ABOUT THIS TASK - Starting with the line in which "A corretora de" appears, give back every line exactly as written until the listing ends, excluding pictures.

THE DATA -
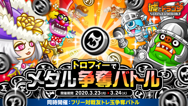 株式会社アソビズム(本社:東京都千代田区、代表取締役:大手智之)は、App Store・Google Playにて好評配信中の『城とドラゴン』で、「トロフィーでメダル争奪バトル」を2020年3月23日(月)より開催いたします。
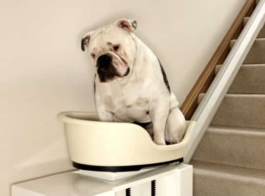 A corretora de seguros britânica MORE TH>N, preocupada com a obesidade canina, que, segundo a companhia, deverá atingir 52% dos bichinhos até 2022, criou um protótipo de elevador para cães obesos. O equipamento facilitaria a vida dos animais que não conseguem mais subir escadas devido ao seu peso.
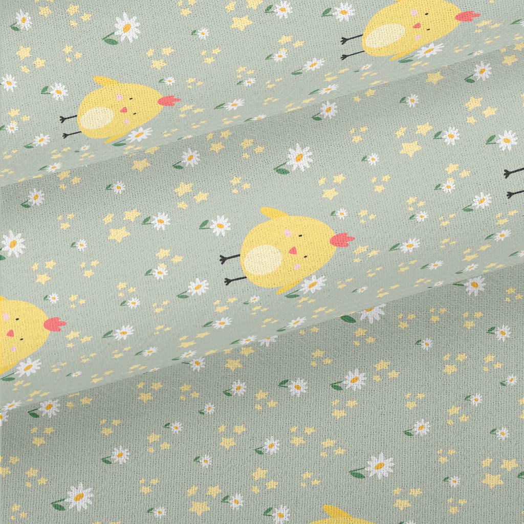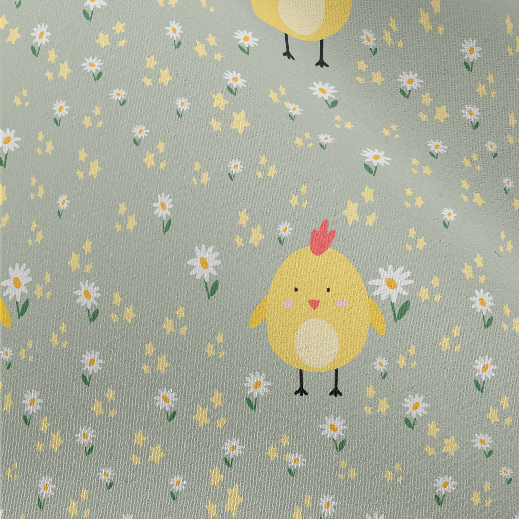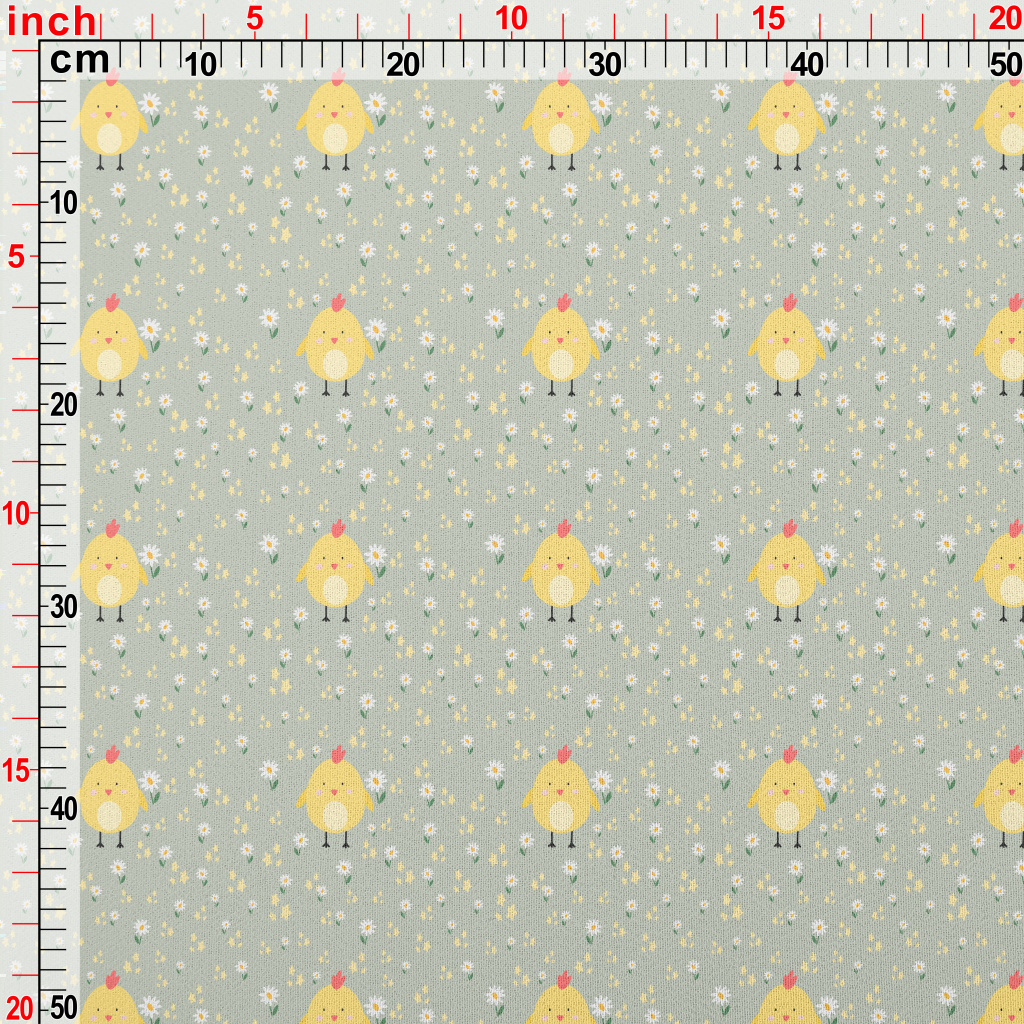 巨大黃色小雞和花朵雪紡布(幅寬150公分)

RESULT OF THE TASK -
 A corretora de seguros britânica MORE TH>N, preocupada com a obesidade canina, que, segundo a companhia, deverá atingir 52% dos bichinhos até 2022, criou um protótipo de elevador para cães obesos. O equipamento facilitaria a vida dos animais que não conseguem mais subir escadas devido ao seu peso.
 巨大黃色小雞和花朵雪紡布(幅寬150公分)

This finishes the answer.